貂蝉急忙说道:“别!别找大夫!”她的身份不能让别人知道。
大物身形顿了一下,随即点了点头:“好,那我带你去个地方。”
貂蝉不再反对,温顺的趴在大物的背上,她没想到自己居然会和允植公子如此亲密的接触,而且对方还见到了真实的一面,不知道公子现在会把她想象成什么样子,以后会不会对她退避三舍,复杂忐忑的心情让她忘却了自己腿上的疼痛。
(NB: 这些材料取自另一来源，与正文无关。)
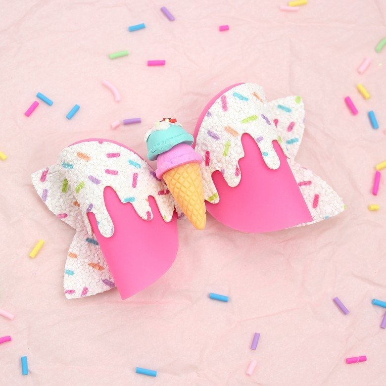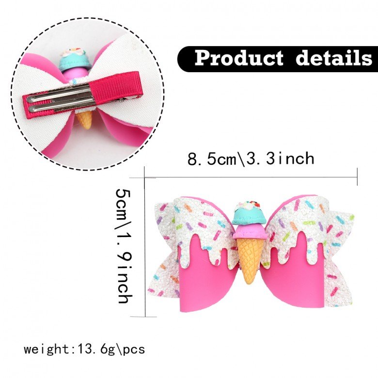 The Summer Candy Glitter Hair Clips with Ice Cream Leather Hair Bows is perfect for toddlers,little,or big girls.
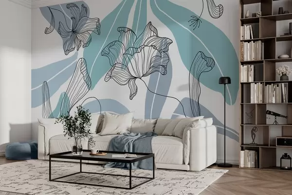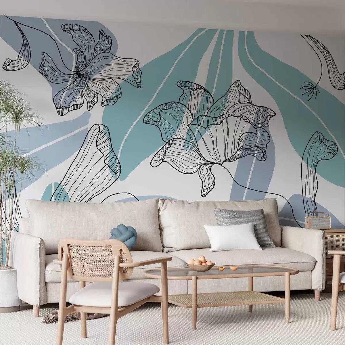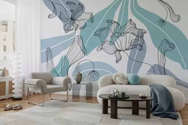 Valokuvatapetti abstraktit lehdet ja kukat sinisissä sävyissä Nr w04499v2
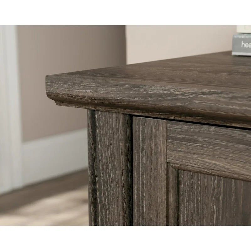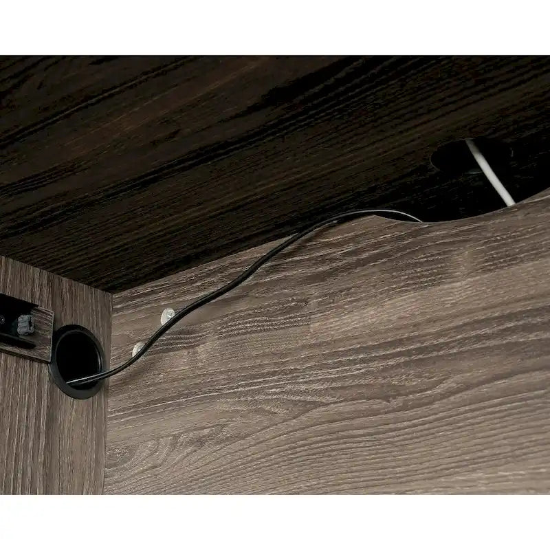 Un bureau fonctionnel et pratique. Ce bureau d'ordinateur de la collection Hammond allie style raffiné et rangements pratiques. Son plateau robuste de 2,5 cm d'épaisseur, équipé de tiroirs, offre un espace généreux pour votre ordinateur portable, une lampe, des stylos et des photos de vos proches. Ce bureau dispose d'un tiroir central à façade rabattable pour clavier et souris, optimisant ainsi l'ergonomie de votre espace de travail et libérant votre surface de travail. Deux tiroirs à dossiers suspendus au format lettre permettent une organisation optimale de vos documents importants. Un compartiment dissimulé derrière la porte accueille une tour d'unité centrale et est doté d'une étagère réglable pour ranger des objets de différentes hauteurs. Un système de gestion des câbles avec passe-câbles intégré permet de dissimuler les fils. Avec sa finition soignée sur toutes les faces, ce bureau offre une grande polyvalence d'installation et une allure impeccable sous tous les angles. Ce bureau est compatible avec le chargeur sans fil Qi dissimulé Eggtronics 425905 (vendu séparément - plus d'informations sur sauder.com). Avec sa finition en chêne Emery et ses pieds en bois massif, ce bureau d'ordinateur transforme votre espace en un lieu de travail à domicile professionnel.

大物来到了自己以前扮男装换衣服的小木屋中,将貂蝉慢慢的放在了稻草堆上后就赶紧去把门锁上了,紧接着从一旁的柜子中翻出了一些止血止痛的草药和纱布剪刀走到貂蝉身旁。
大物蹲下身子用剪刀将貂蝉腿上的布料剪开,露出了血淋淋的伤口,看到这副模样,大物不禁心疼起来,貂蝉这些年来帮兵判做了这么多事,想必这样的伤身上会有很多吧,桀骜师兄也太过分了,这下手太重了。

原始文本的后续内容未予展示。